MEDICAL practitioners form their opinions based on their clinical teaching, their clinical experience and their knowledge (hopefully) of peer-reviewed literature.
Medical students get no teaching on voluntary assisted dying, and precious little on palliative care; that is to say, about the care of dying and intolerably suffering patients. I doubt they are introduced to the concept of medical suffering.
In practice they confront dying patients with little, if any training, with no idea how to engage in the difficult conversations about end of life, and an inherent fear of the vague and opaque law that controls their actions. They are able to learn more about palliative care if they are interested, but many are probably only too happy to handball such patients to organised palliative care.
I doubt many have the time or the interest to become informed about the voluminous palliative care literature, or the numerous, careful empirical studies of voluntary assisted dying from the Netherlands, Belgium or Oregon.
It is my view that doctors in Australia are poorly informed about voluntary assisted dying, and to a lesser extent, palliative care, and about how to deal with requests for a hastened death.
Professor Stephen Leeder, in an MJA InSight opinion piece titled Dying well, opined that Australia was the second best country in the world in which to die. It was not made clear that this conclusion was based on an assessment by palliative care specialists of their own efforts. It did not describe the results of Australian palliative care as shown in the Palliative Care Outcomes Collaboration – this study revealed that of people in the terminal phase of their dying, 4% had severe pain, 7.5% had other severe physical symptoms (breathlessness, fatigue, nausea) and 3% had severe psychological distress.
Although you will never hear it publicly stated by the palliative care sector, it does provide, when it deems the patient’s symptoms sufficiently refractory, terminal sedation, or “deep continuous sedation” (the European phrase); it prefers the more benign term “palliative sedation”. This involves the gradual, titrated increase, by continuous infusion, of sedatives and analgesics, usually without the provision of food and fluids, until the patient enters a coma and remains so until death occurs.
That such treatment may be necessary at the end of life highlights the fact that some suffering is intolerable and unrelievable, and that some such suffering will only end with death. It is also an indication that doctors have a duty to relieve suffering, and that a necessity to hasten death does occur.

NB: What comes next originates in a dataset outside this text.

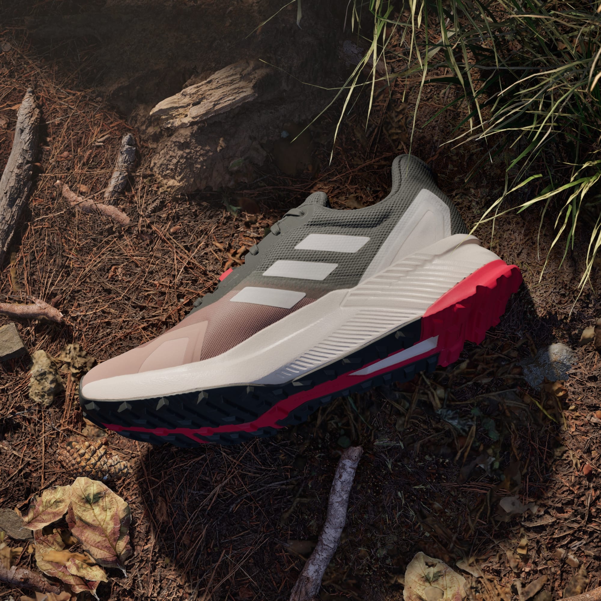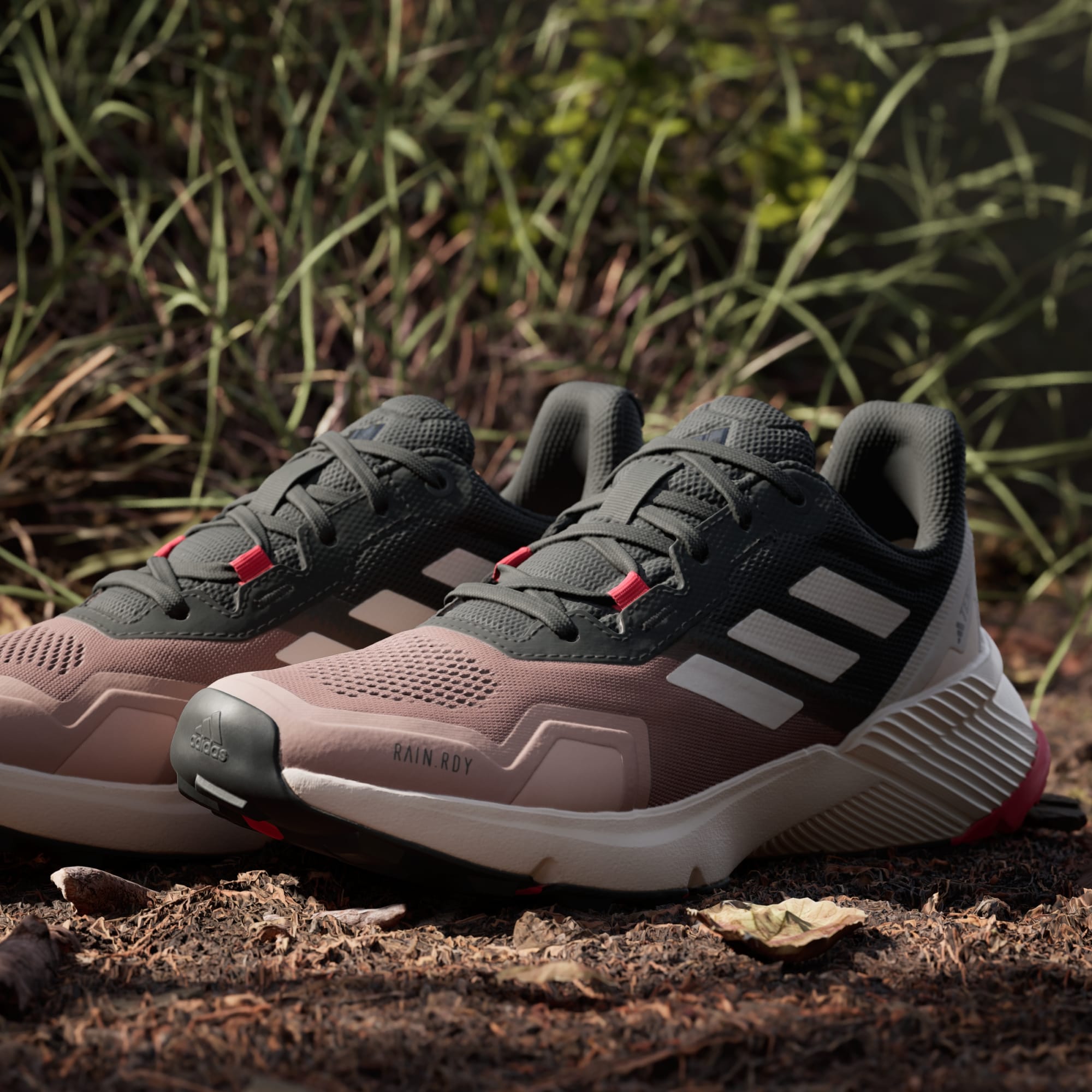 Sors des sentiers battus. De ta porte d'entrée jusqu'aux sentiers, cette chaussure de trail running adidas t'offre un amorti et un confort tout en légèreté. La technologie imperméable RAIN.RDY garde tes pieds au sec quand tu sautes par-dessus les ruisseaux et les zones boueuses. La technologie Traxion offre une accroche multidirectionnelle sur le bitume et les sentiers. La tige est confectionnée en matériaux recyclés à hauteur de 50 % minimum. Ce produit ne constitue qu'une de nos solutions pour contribuer à mettre fin aux déchets plastiques.

- Related: MJA InSight — Rodney Syme: Dying autonomy
- Related: MJA InSight — Stephen Leeder: Dying well
The incidence of terminal sedation in Australia is unknown, but in Belgium and the Netherlands, where the manner of dying is carefully analysed, it is 12.0% (2013) and 12.3% (2010) respectively among medically certified deaths.
The fundamental differences between palliative sedation and voluntary assisted dying are clear and stark. The decision for terminal sedation and its rate of implementation are controlled by the doctor, and the journey to death is slow and with incremental relief of suffering. Voluntary assisted dying places complete control in the hands of the suffering person (they may decide not to use it). When it occurs using a quick-acting oral barbiturate, gentle sleep occurs in about 3 minutes and a peaceful and dignified death occurs in 10 to 20 minutes; the family can say goodbye and share in a profound moment. Terminal sedation provides a highly doctor-centred death, which is completely medicalised, in contrast to the person- and family-centred voluntary assisted death.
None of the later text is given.